There was also the final experiment of the spiritual retreat at the Trappist monastery in Vina, California in June of 1979.  "What do you want of me, Lord?  Speak, Lord, for your servant is listening!"  Imagine my surprise when an audible (to me) answer came back.  MARRY HER.  "Um, bad connection here, Lord -- it sounded like you said that I should marry..."  GO BACK AND MARRY HER! 

So that's what I did. 

Came face to face with the fact that I don't have an ambitious bone in my body, and accepted that (I guess?).  Heard the voice from the top of the mountain -- which in my case was an apricot orchard in the upper Sacramento Valley -- and did what He said.  Disappointed one set of parents (mine) and thrilled another (hers) -- I think.  Mine got over it.  Don't know about hers.  It was all a long time ago.  But it was True Love. The dumbest stuff seemed like the hardest stuff at the time.  Like, telling my parents.  They hadn't heard the voice, after all.  Seems strange now that more than a third of a century has passed, to be thinking about it.  It was all a long time ago.  But! It. Was. True. Love.

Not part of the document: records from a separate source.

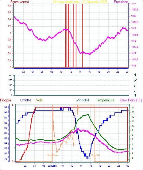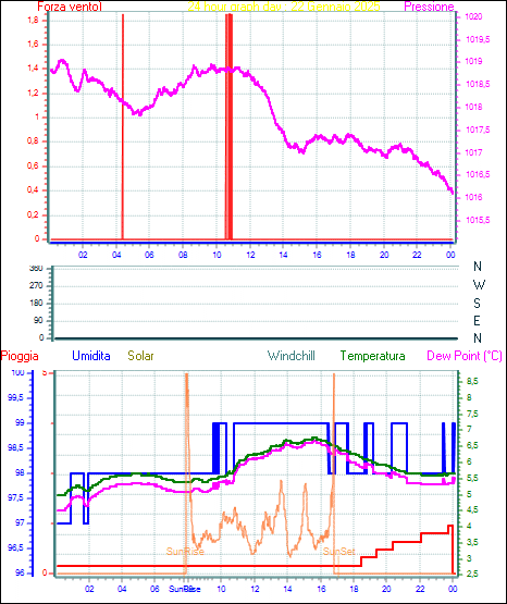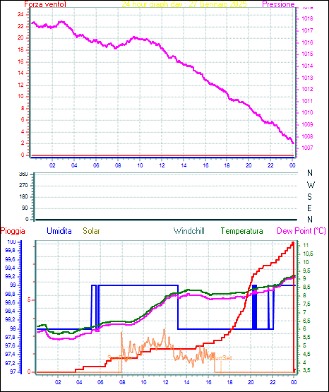 Massima pioggia per minuto = 0.2 mm giorno 31 tempo 22:38
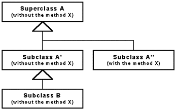 Figure 6 shows a subclass B inheriting from a superclass A, the method X is excluded from the inheritance. Figure 7 describes a solution to avoid this selective inheritance. Simply, the superclass A has not the method X and two intermediate subclasses of A are defined: the class A' which is here identical to A and the class A'' which is completed with the method X. The class B just has to inherit from the superclass A'. Figure 7: A Solution to Avoid the Selective Inheritance.
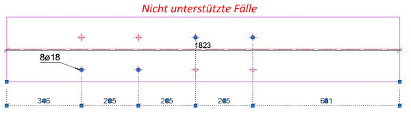 Außerdem muss die Bemaßungsrichtung mit der Richtung des Schrauben-/Lochbilds übereinstimmen. Andernfalls werden die Zwischenpunkte während der Aktualisierung entfernt.
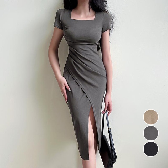 レディース スリット スクエアネック スリムフィット ギャザー 夏 薄手ワンピース セクシー大人 細見えワンピ ハイウエストワンピ 新作人気ワンピース パーティードレス タイトなシルエットでボディラインを美しく見せてくれる半袖ワンピース。 旬のスクエアネックがデコルテを女性らしい印象に。 スリット入りで歩きやすいのはもちろん、大人でセクシーな印象にも仕上げてくれる。 アクセサリーやバッグなどの小物と合わせて、パーティーやデート、二次会、発表会などにもおすすめ。 素材:ポリエステル80%+綿20% カラー:ブラック/チャコールグレー/モカベージュ サイズ:L/XL [L]総丈:約100cm 肩幅:約36cm 袖丈:約13cm ゆき:約31cm 身幅:約35cm 胸囲:約70-102cm ウエスト:約62-94cm ヒップ:約72-102cm [XL]総丈:約101cm 肩幅:約38cm 袖丈:約14cm ゆき:約33cm 身幅:約37cm 胸囲:約74-106cm ウエスト:約64-96cm ヒップ:約76-106cm 裏地:なし 伸縮性:あり 透け感:なし 生産国:中国 ※すべて平置きサイズです(採寸方法違いより、多少の誤差がございますので、ご了承ください)。 ※海外輸入品のため、商品の細部仕様は多少異なる場合がございます。予めご了承の上、ご注文お願い致します。 ※商品はお取引先様より直送になります。 ご注文後のキャンセル及び良品の返品はできませんので、予めご了承ください。
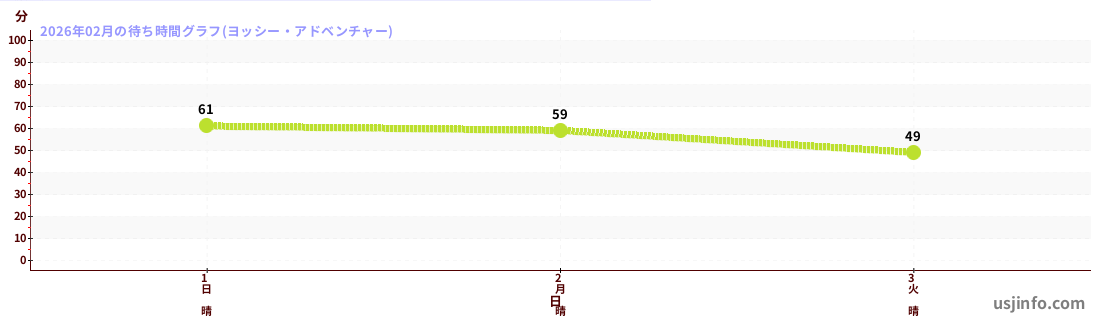 • ヨッシー・アドベンチャー$B$N(B2026年02月01日のの一日平均待ち時間
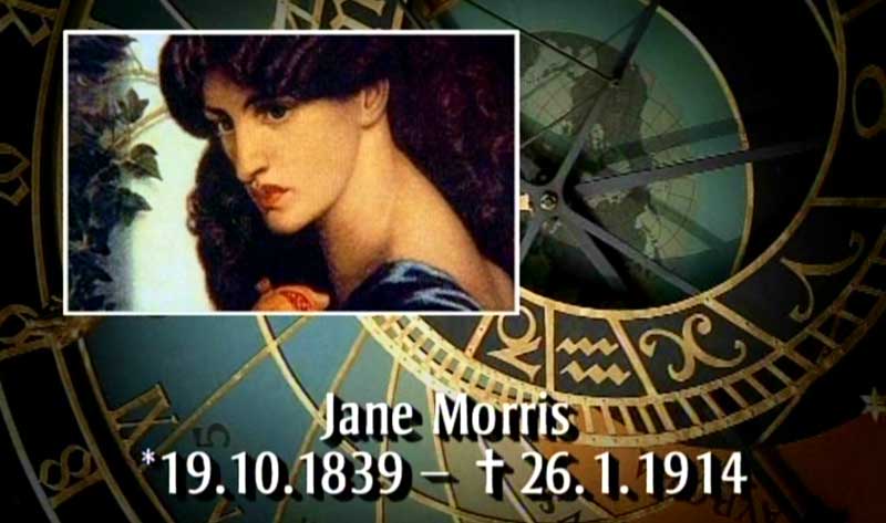 00:00:55 Jane Morris se narodila v Oxfordu jako Jane Burden.

And it still is.  (Cue birds and flowers!)

Funny thing about The Princess Bride -- Westley tells Buttercup about two things.  One is True Love:  "Death cannot stop true love. All it can do is delay it for a while;" and, "This is true love – you think this happens every day?"  The other is about life in general:  "Life is pain, Highness. Anyone who says differently is selling something."  So far, I think Westley was right on both counts.

There is pain.  But the True Love part changes the Pain part.  I have the pain of aging, the pain of Dealing With The Details of Daily Life (often, as amplified by multiple layers of Government Intrusion), the pain of not being able to do much about the pain suffered by those I love.  But at least it's not the pain of remorse, the pain of having your dreams haunted by The Ancient Booer: "Because you had love in your hands, and you gave it up!" 

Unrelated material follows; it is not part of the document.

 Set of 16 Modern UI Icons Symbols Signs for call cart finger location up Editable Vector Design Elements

"So bow down to her if you want, bow to her. Bow to the Queen of Slime, the Queen of Filth, the Queen of Putrescence. Boo. Boo. Rubbish. Filth. Slime. Muck. Boo. Boo. Boo!"

1/16/2015

Android Through-the-Looking-Glass Reader App

I got the Kindle reader app for my Samsung Galaxy 4 tablet.  Because I have that with me at work. 

Cons:  Harder to turn the page with your left hand. Battery goes down faster than Kindle Keyboard e-reader. If there's a built-in dictionary I haven't figured out how to use it. Harder to mark passages.  And so on.

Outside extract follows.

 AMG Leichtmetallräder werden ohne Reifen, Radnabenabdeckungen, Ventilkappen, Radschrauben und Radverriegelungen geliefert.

Pros:  Well, it's there, so I can pick up that hard slog through Adam Smith's Theory of Moral Sentiment  during lunch and make some progress. 

Or can I???

The Android Kindle reader app has this little thing that tells you how much longer it is going to take to finish the book.  If you open the reader and then pay more attention to your salad than the book, you actually go into negative reading progress.  The more often I chip away at a few pages of 18th century philosophy, the farther away (in time) the app thinks I am from the end.  Over the last few sessions, I've seen my finish estimate go from 4 hours 30 minutes to 6 hours 40 minutes.  I feel like Alice in the Looking Glass world.

As Adam Smith would say, how frequently soever one makes application to endeavor to accomplish that to which all good will and firmness of purpose has set the effort toward the end in mind, never the less does the final attainment of the long sought after goal seem to vanish like morning mist.